**What you are asked to do:**
In your copy, leave out the pictures and reproduce the listing below exactly.

**Dataset content:**
►
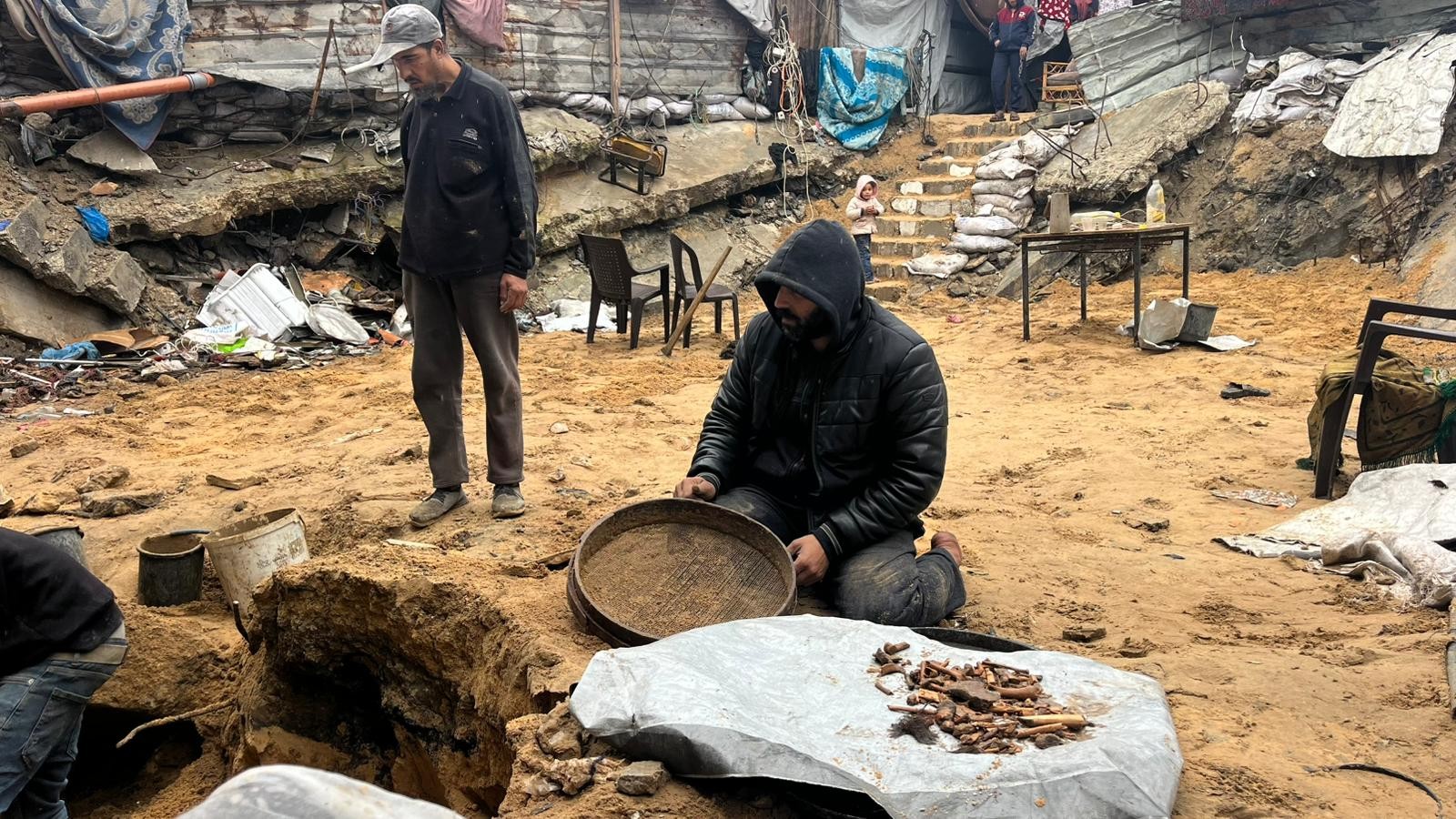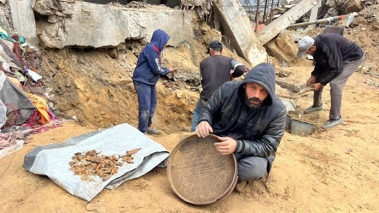 يُمسك محمود بكلتا يديه غربال -مُنخل- مليئ بالرمال، وبسرعة يخض الغربال يمنة ويسرة لإزالة الشوائب، يكرر محمود المشهد منذ أكثر من 100 يوم دون كلل أو ملل، محاولا البحث على رفات زوجته وأطفاله الستة -بينهم جنين- تحت رمال منزله المدمر.
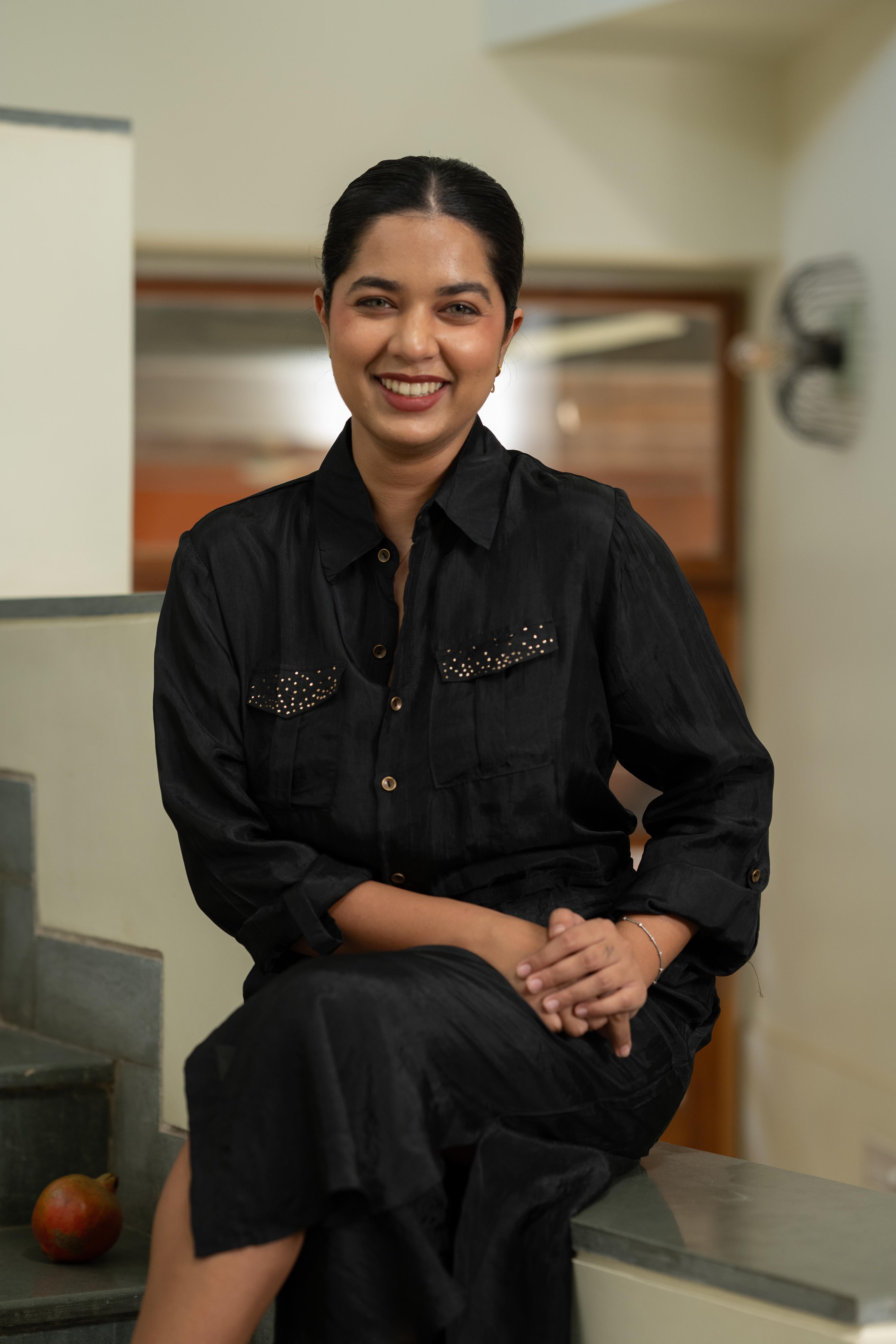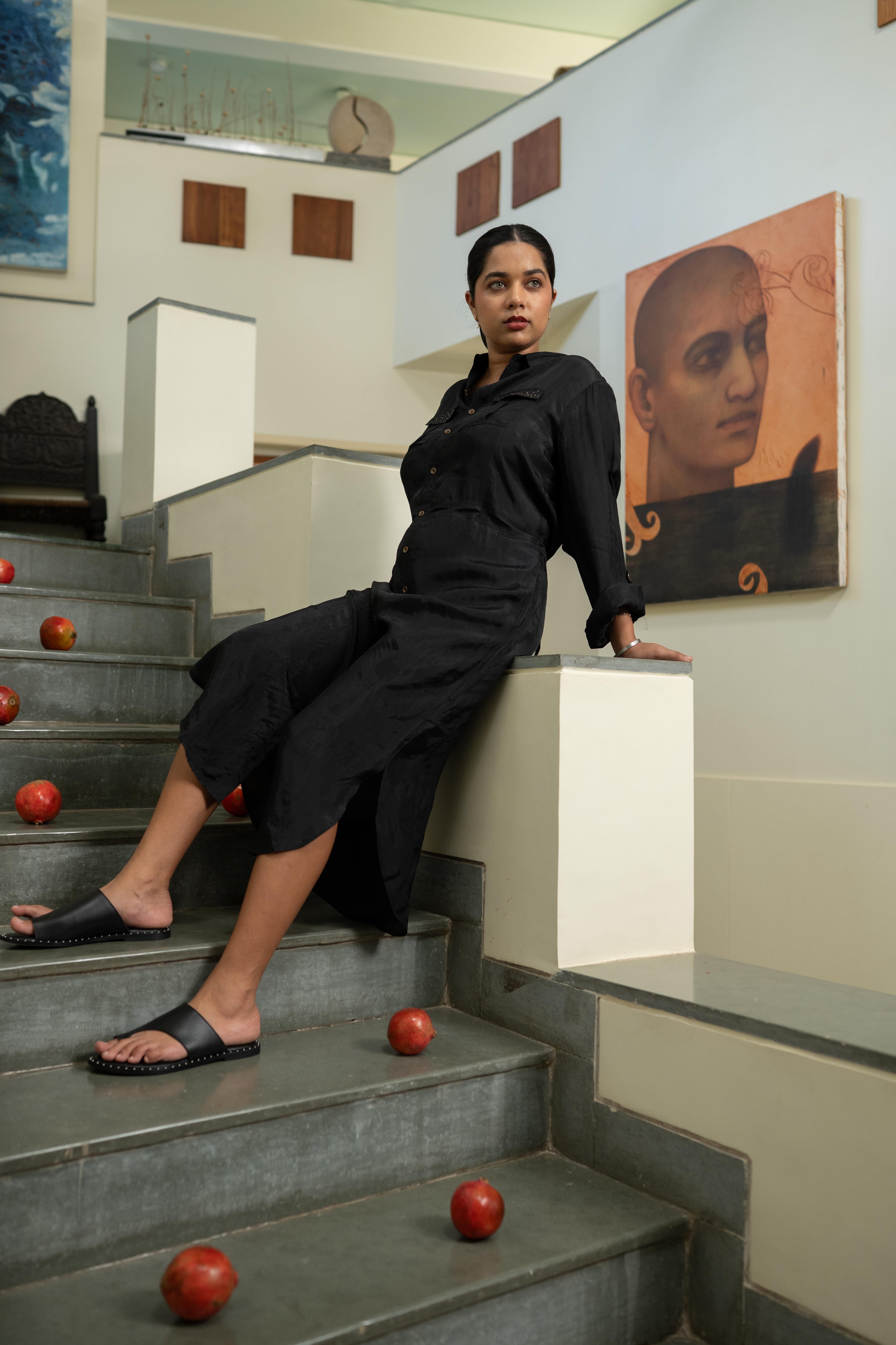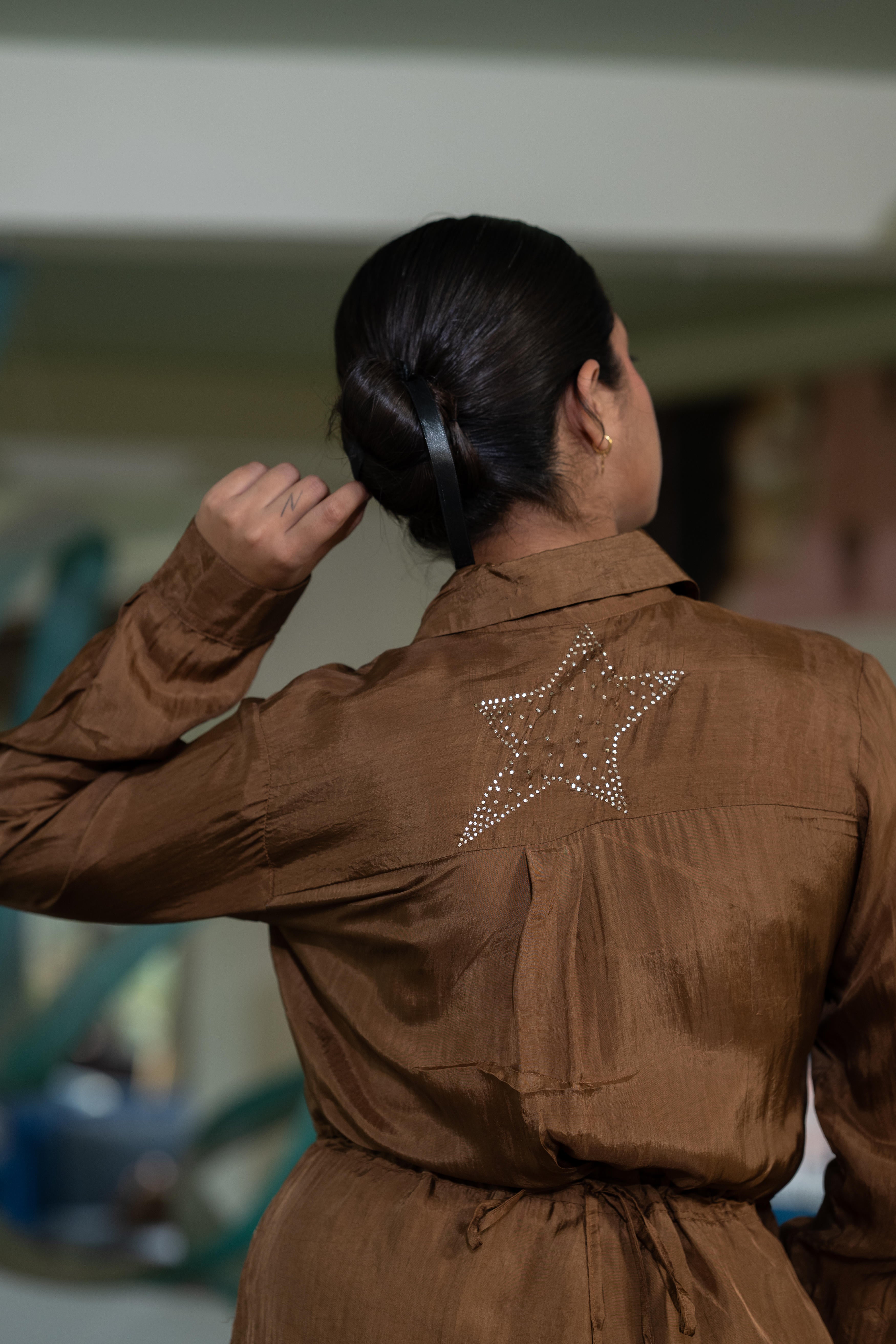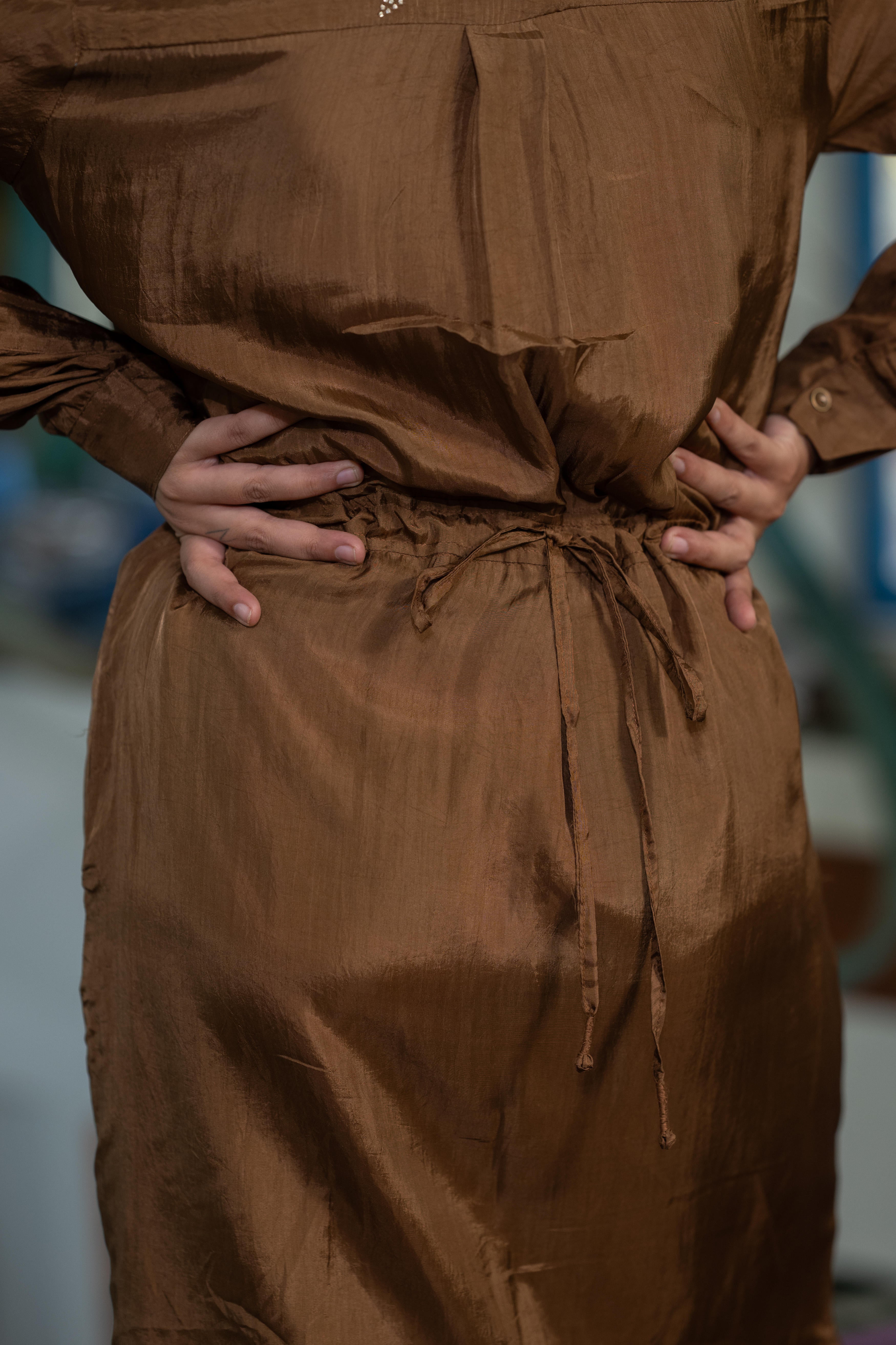 A shirt dress that flows like liquid, catching the light with every turn. Detailed with delicate badla embroidery along the collar, pockets, and sleeves, it’s effortless yet statement-making. Wear it as a dress, belt it for structure, or layer it over trousers as an open cape. * Available in Mocha & Black colours
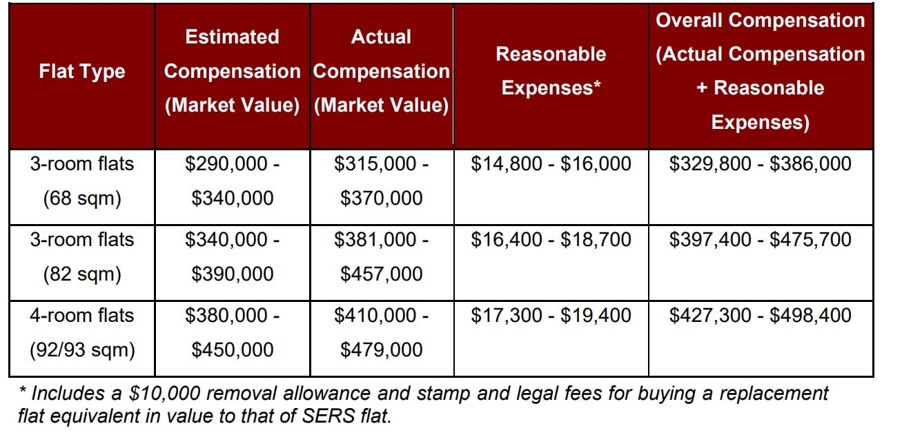 On top of market value compensation, affected flat owners will also receive payment for reasonable expenses, comprising a removal allowance of S$10,000 to defray relocation costs and stamp and legal fees for the purchase of a replacement flat equivalent in value to their SERS flat.
◄
**Output of the task:**
 يُمسك محمود بكلتا يديه غربال -مُنخل- مليئ بالرمال، وبسرعة يخض الغربال يمنة ويسرة لإزالة الشوائب، يكرر محمود المشهد منذ أكثر من 100 يوم دون كلل أو ملل، محاولا البحث على رفات زوجته وأطفاله الستة -بينهم جنين- تحت رمال منزله المدمر.
 A shirt dress that flows like liquid, catching the light with every turn. Detailed with delicate badla embroidery along the collar, pockets, and sleeves, it’s effortless yet statement-making. Wear it as a dress, belt it for structure, or layer it over trousers as an open cape. * Available in Mocha & Black colours
 On top of market value compensation, affected flat owners will also receive payment for reasonable expenses, comprising a removal allowance of S$10,000 to defray relocation costs and stamp and legal fees for the purchase of a replacement flat equivalent in value to their SERS flat.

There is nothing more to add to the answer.